COVID-Positive
COVID-Positive

It’s become clear that this pandemic isn’t just a phase. While we’ve been able to visit here and there in small groups and go about socially-distanced routines, people are still suffering. That suffering takes many forms, like poverty, loneliness, mental illness, and of course physical illness. 

Our work is cut out for us, then. God empowers us to notice and to care and to love our neighbours, practically and spiritually. And where the suffering is beyond our help, we pray for a miracle.

Earlier this year, Jay, one of our own members, needed one such miracle. 

I was attacked by COVID-19 in March after a prayer meeting. Eight of us at the conference tested positive, and four had to be quarantined in the ICU. Sadly, only three made it out of the hospital. 

I got tested for COVID-19 because my wife is a frontline healthcare worker. After the conference, I led our Sunday church service as normal. By Tuesday, I had started coughing and the beginnings of a fever. I stayed home Wednesday thinking I had a cold. On Thursday morning, our family physician called me and told me that I was positive and needed to come to the hospital right away. 

During the car ride, I suddenly felt like I was dying—I could hardly breathe. I managed to call my wife to tell her I didn't know if I would be back from the hospital that night or the next morning. Somehow, I walked through the door and into the ER. The nurse who took my temperature came back in two minutes to inform me they were going to admit me right away, and helped me onto a cot.

My next memory is waking up in a hospital room. I had two IVs in my arms, oxygen tubes in my nose, and pain in my throat. As I turned, I saw a nurse standing beside me. 

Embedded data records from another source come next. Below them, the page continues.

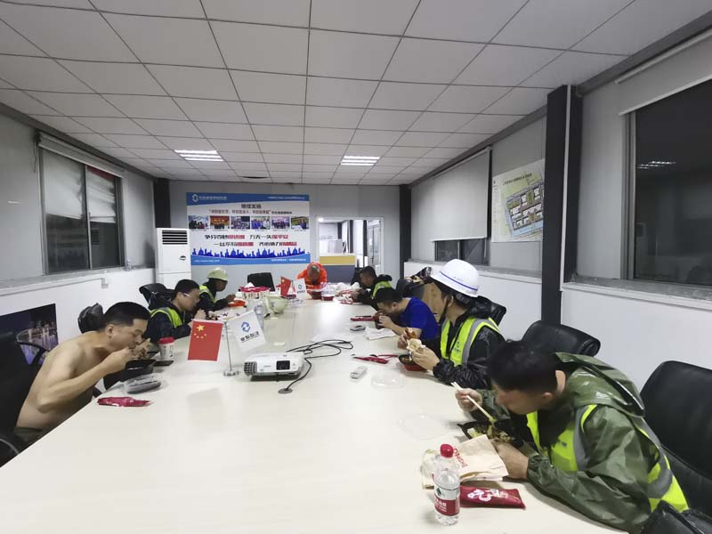 汗水雨水夾雜在一起,部分員工的衣服已經(jīng)全濕。一到現(xiàn)場(chǎng)就先開(kāi)始了展開(kāi)工作,直至深夜大家才吃上晚餐。據(jù)了解,宏盛醫(yī)都項(xiàng)目搶險(xiǎn)支援隊(duì)從25日下午開(kāi)始,一直忙到27日凌晨三點(diǎn),大家始終堅(jiān)守在抗擊臺(tái)風(fēng)的第一線,連續(xù)奮戰(zhàn)2天2夜,安全優(yōu)質(zhì)地完成了抗擊臺(tái)風(fēng)的任務(wù),充分彰顯出宏盛人“特別能吃苦、特別能戰(zhàn)斗、特別能奉獻(xiàn)”的精神特質(zhì)。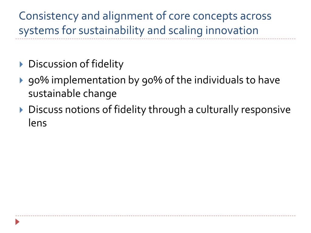 Consistency and alignment of core concepts across systems for sustainability and scaling innovation • Discussion of fidelity • 90% implementation by 90% of the individuals to have sustainable change • Discuss notions of fidelity through a culturally responsive lens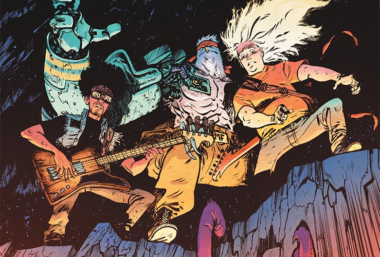 Jake no da crédito a lo sucedido y le pide explicaciones a este misterioso ser que afirma venir como representante de «The Heavy» para salvar al mundo de la amenaza del terrorífico Magnum Khaos y sus huestes, una criatura de otra dimensión que es algo así como el mal encarnado. Pero para ello necesita su ayuda. Sólo uniendo fuerzas podrán llevar a cabo esta importante misión. Daniel Warren Johnson está fantástico tanto al guion como al dibujo (y además realizando también la rotulación) y vuelve a confiar en Mike Spicer (que ya trabajó con él en Extremity) para el color de esta prometedora serie cuyo primer número me ha dejado muy buen sabor de boca y que es un must-read para los amantes de la música Rock.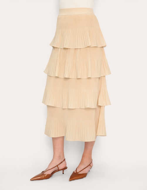 Com movimento e drama suave, esta saia midi em camadas plissadas tem volume e fluidez na medida certa. A textura ondulada e o tom preto criam um visual sofisticado com presença marcante.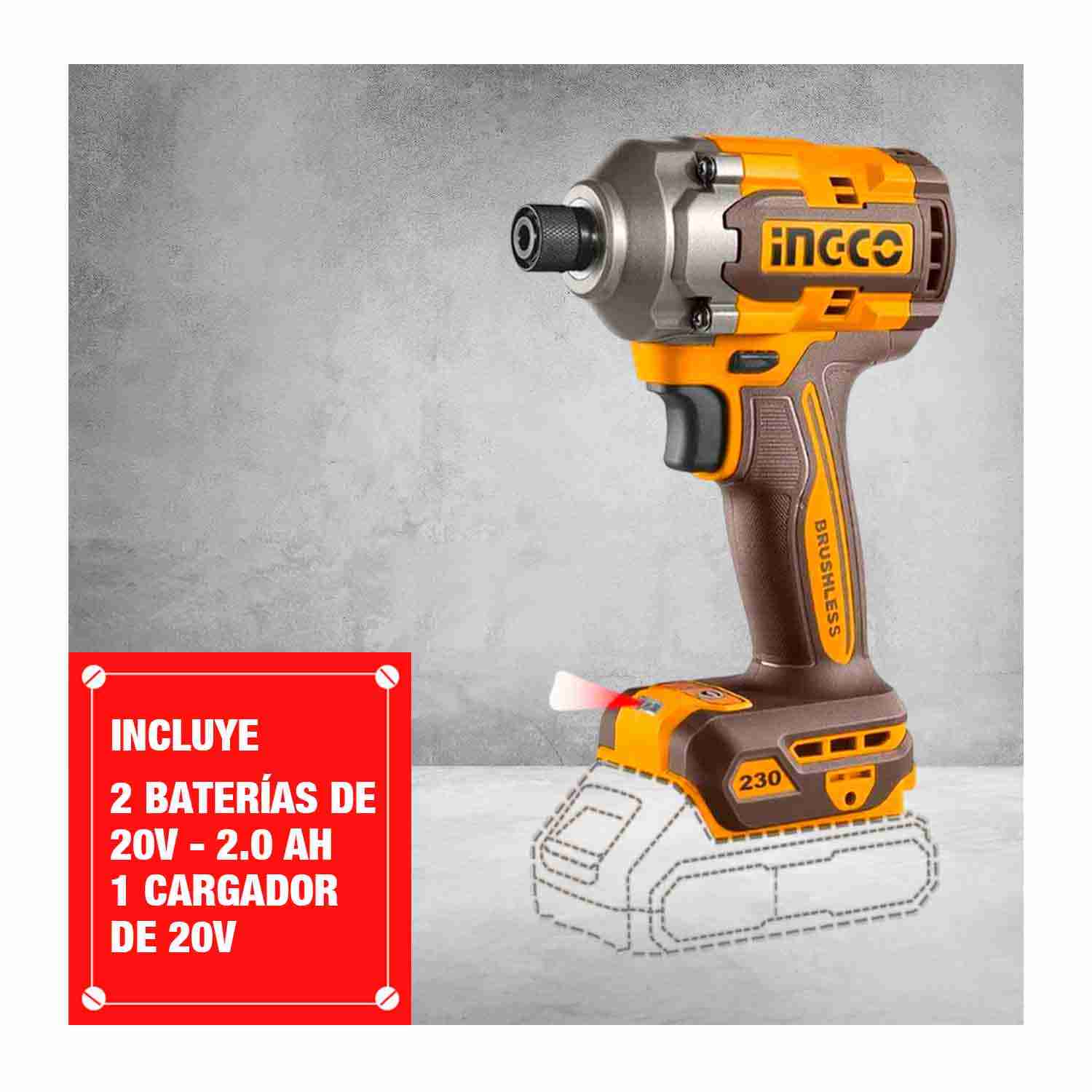 Atornillador De Impacto Brushless + 2 Baterías 20v 20ah + 2 Puntas hexagonal

Wow, so much has happened in 24 hours! ” She smiled at me and said, “Sir, you haven’t been here for 24 hours. You’ve been here for 24 days. You’ve been in an induced coma.” I began to argue with her, as this did not seem possible. “I know you're joking, it's not fun to joke like this…” 

I'm not going to argue with you.” The nurse gently placed her hand on my shoulder. “This is your 25th day here. It is true—you were in a coma for 25 days. We really struggled to bring you back to life. In fact, we tried to take you off the ventilator four times! ” 

She explained how it happened. The day before, the doctor had one last chance to take me off the ventilator or they would have to rush me to a larger hospital with more instruments. That would have meant taking me out of the coma in an ambulance. In the 32 minutes from bed to bed, I may not have lived, because there wouldn’t have been oxygen or mechanical instruments to keep me alive. 

Yet somehow, on the 24th day, my numbers began changing miraculously. My dialysis was changing... my oxygen was changing. The doctors couldn’t fathom what was happening. 

After hearing this, I told the doctors, “This miracle happened because of prayer and faith—because of the One who died and rose and is coming back again. Because of His goodness and mercy.

I was later released from the ICU to a normal unit. The ventilation caused three major side effects. One, I could hardly speak. Two, I had problems with my tongue. Three, I lost the power of walking. I just sat in a room with one bed, one window, and my cell phone, crying out to God. I shouted in my head, “Lord I don't want to sit and pray, I want to stand and pray to you! Give me a chance to stand up! ” 

God said to me, “Start reading the Word. I speak to my people through my Word. Don't worry, keep reading the Bible.” 

From that day forward, I prayed, “Lord, I want to walk! I want to walk to the pulpit, I want to walk and pray, I want to go coast-to-coast in Canada, praying for JayChowdury2people.” And He gave me a very clear answer. 

I heard Him say, “I have a plan and a purpose for your life. Whether it's sharing Scriptures, whether it’s talking to people about my Word, that is your task before you come to heaven. I have sent you back to do my work—tasks left incomplete. You have to complete the homework, and I’ll call you home after that.

My son Japheth prayed a lot when I was in a coma. He used to say, “Mummy, don’t worry, Daddy is coming home.” I’ve read through hundreds and hundreds of messages of people saying they were praying for me. People from ShareWord all over Canada were praying. I don’t know these people of God, but I know they are the living Church. 

Because of their prayers—your prayers—I am standing today, by the power of God and the prayer of His people. 

Of this I am sure: COVID-19 is not our battle. It is a battle of God’s. His Word says “the battle is not yours” (2 Chronicles 20:15) and “I will never leave you nor forsake you” (Joshua 1:5). And by His Word, I am living, breathing, walking, and growing. 

That’s my story. But I can’t really call it mine; it’s His story. It is by His amazing grace, by His hand, that He gave my life back, to complete my homework.